What you have to do
In the records below, the line with "じゃーミナサン、カレンダーにメモのご用意をっ 3Stages(20:30 〜" opens the range and the line with "当地时间8月3日,韩国京畿道" closes it; print that range exactly and nothing else.

[Data excerpts]
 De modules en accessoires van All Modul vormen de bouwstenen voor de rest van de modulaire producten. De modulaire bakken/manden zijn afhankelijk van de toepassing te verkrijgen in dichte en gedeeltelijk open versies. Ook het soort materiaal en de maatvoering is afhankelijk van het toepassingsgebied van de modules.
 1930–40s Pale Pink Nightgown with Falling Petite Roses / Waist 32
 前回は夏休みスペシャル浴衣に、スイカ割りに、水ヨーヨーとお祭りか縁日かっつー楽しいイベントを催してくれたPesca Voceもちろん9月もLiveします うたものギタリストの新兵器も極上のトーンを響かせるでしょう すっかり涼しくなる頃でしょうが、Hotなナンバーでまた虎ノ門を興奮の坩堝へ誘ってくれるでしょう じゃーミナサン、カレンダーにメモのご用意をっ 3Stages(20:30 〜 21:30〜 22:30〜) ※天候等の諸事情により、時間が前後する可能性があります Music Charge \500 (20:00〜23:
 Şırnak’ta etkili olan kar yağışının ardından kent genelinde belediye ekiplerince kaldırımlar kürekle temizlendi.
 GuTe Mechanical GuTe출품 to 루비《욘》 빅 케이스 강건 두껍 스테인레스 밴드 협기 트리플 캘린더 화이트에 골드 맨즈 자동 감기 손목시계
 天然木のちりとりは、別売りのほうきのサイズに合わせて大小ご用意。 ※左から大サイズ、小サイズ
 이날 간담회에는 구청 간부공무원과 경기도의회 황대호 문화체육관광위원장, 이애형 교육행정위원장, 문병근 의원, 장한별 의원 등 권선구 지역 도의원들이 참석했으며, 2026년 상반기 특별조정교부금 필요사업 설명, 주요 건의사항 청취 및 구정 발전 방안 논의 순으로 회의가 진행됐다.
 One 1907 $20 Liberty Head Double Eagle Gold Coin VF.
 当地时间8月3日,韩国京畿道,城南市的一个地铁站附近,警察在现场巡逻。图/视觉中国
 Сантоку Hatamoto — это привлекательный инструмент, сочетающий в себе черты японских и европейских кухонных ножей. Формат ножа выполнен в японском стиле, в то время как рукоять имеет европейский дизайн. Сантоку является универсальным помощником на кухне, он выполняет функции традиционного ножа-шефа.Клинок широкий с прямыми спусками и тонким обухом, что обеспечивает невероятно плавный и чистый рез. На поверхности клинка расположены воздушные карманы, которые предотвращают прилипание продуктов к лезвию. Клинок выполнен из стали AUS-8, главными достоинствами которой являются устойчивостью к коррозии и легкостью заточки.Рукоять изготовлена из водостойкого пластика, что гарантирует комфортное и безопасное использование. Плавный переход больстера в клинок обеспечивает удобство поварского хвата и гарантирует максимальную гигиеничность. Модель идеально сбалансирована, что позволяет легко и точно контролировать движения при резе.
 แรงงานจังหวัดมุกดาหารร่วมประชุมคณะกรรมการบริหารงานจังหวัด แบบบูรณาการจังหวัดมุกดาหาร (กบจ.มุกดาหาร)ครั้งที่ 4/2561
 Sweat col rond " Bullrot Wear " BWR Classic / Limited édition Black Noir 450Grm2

Result of this exercise
 前回は夏休みスペシャル浴衣に、スイカ割りに、水ヨーヨーとお祭りか縁日かっつー楽しいイベントを催してくれたPesca Voceもちろん9月もLiveします うたものギタリストの新兵器も極上のトーンを響かせるでしょう すっかり涼しくなる頃でしょうが、Hotなナンバーでまた虎ノ門を興奮の坩堝へ誘ってくれるでしょう じゃーミナサン、カレンダーにメモのご用意をっ 3Stages(20:30 〜 21:30〜 22:30〜) ※天候等の諸事情により、時間が前後する可能性があります Music Charge \500 (20:00〜23:
 Şırnak’ta etkili olan kar yağışının ardından kent genelinde belediye ekiplerince kaldırımlar kürekle temizlendi.
 GuTe Mechanical GuTe출품 to 루비《욘》 빅 케이스 강건 두껍 스테인레스 밴드 협기 트리플 캘린더 화이트에 골드 맨즈 자동 감기 손목시계
 天然木のちりとりは、別売りのほうきのサイズに合わせて大小ご用意。 ※左から大サイズ、小サイズ
 이날 간담회에는 구청 간부공무원과 경기도의회 황대호 문화체육관광위원장, 이애형 교육행정위원장, 문병근 의원, 장한별 의원 등 권선구 지역 도의원들이 참석했으며, 2026년 상반기 특별조정교부금 필요사업 설명, 주요 건의사항 청취 및 구정 발전 방안 논의 순으로 회의가 진행됐다.
 One 1907 $20 Liberty Head Double Eagle Gold Coin VF.
 当地时间8月3日,韩国京畿道,城南市的一个地铁站附近,警察在现场巡逻。图/视觉中国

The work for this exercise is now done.